> How do a parasite control it's host's brain?

How do a parasite control it's host's brain?

Posted at: 2014-11-15 
This is a very cool (if disturbing) field of research. There's a lot of recent stuff coming out that shows this sort of thing is far more common than we used to think. In many cases, the various 'controllers' will use hormones to trigger behaviors in the host, but there are other ways to cause the host to do what you want. The Emerald Cockroach Wasp, for instance, isn't a parasite, and it achieves its goal by a very specific injection of certain chemicals into very small regions of the cockroaches body and brain that turn the roach into a 'zombie'. http://en.wikipedia.org/wiki/Emerald_coc...

Other direct controllers are more what you're thinking of, with ants, spiders and other arthropods generally serving as unwitting hosts for certain organisms:

http://www.ted.com/talks/ed_yong_suicida...

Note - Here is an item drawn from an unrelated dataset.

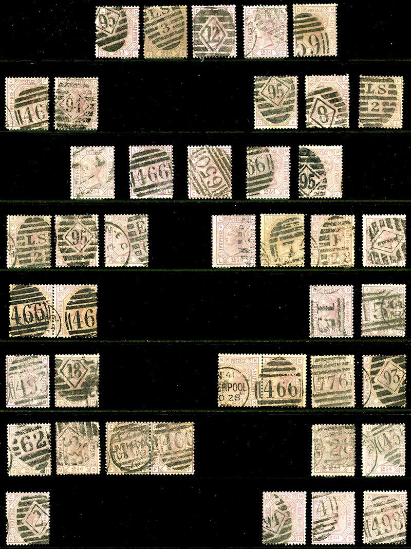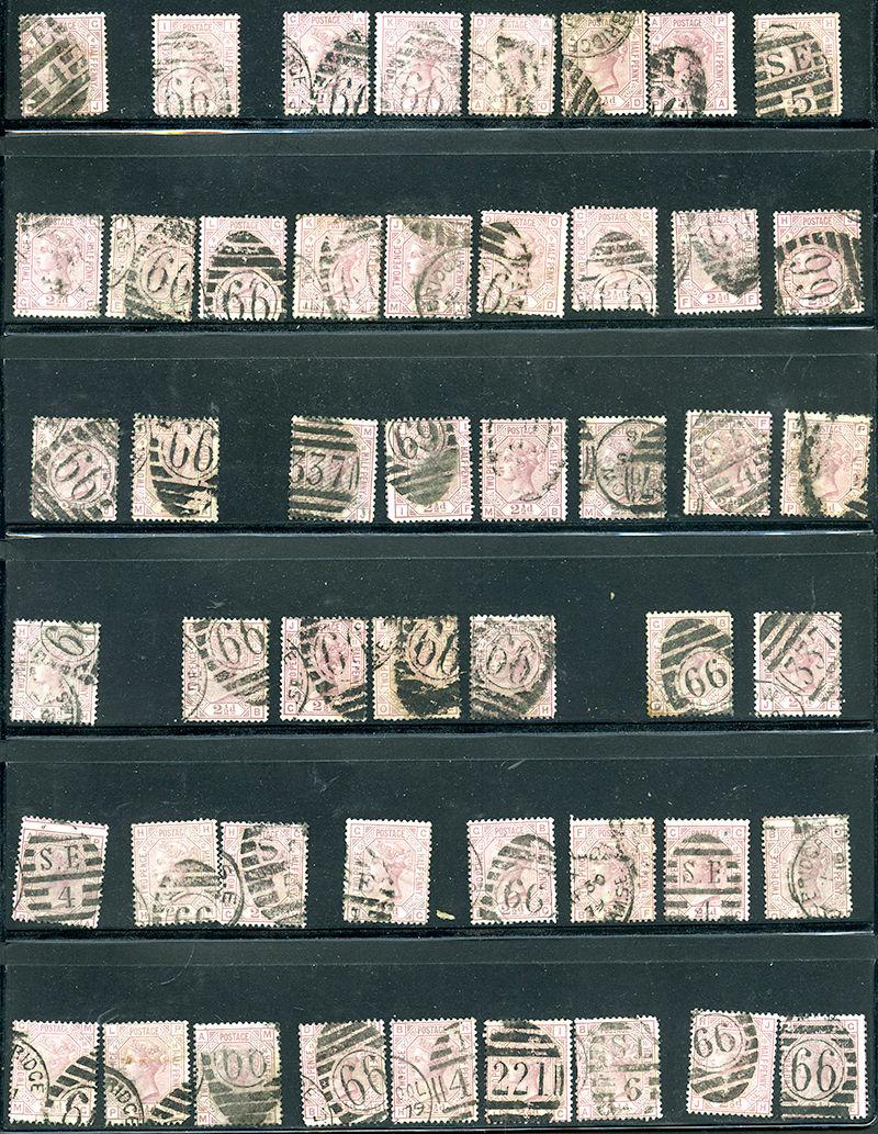 67: Forty-two used 2½d claret, mostly different plates/positions incl a couple of pairs, with Plate No's 3 (4), 4 (3), 5 (3), 6 (5), 7 (3), 8 (4), 9 (2), 10 (2), 11 (2), 12 (4), 13 (4), 14 (2), 15 and 16 (3), range of shades and cancels, a few (mostly small) faults, generally clean and f-vf. (SG 141- £1820) (Image)

http://io9.com/5918948/fungal-infection-...

http://phenomena.nationalgeographic.com/...

With more and more information turning up about how our internal and external microbial community affects us, it wouldn't surprise me to learn that a lot of our behaviors may be modified by certain bacteria or even viruses.

mind controlling parasite is a fact, mostly happens to insects by parasitic worms, parasitic wasps, or even parasitic fungus. but how do they do it? i mean, the host has a brain and probably brain cells, but how do they know how to control and tinker with it?

and if a human has developed a parasite within his brain, can he become a madman, or even brain-controlled like a zombie?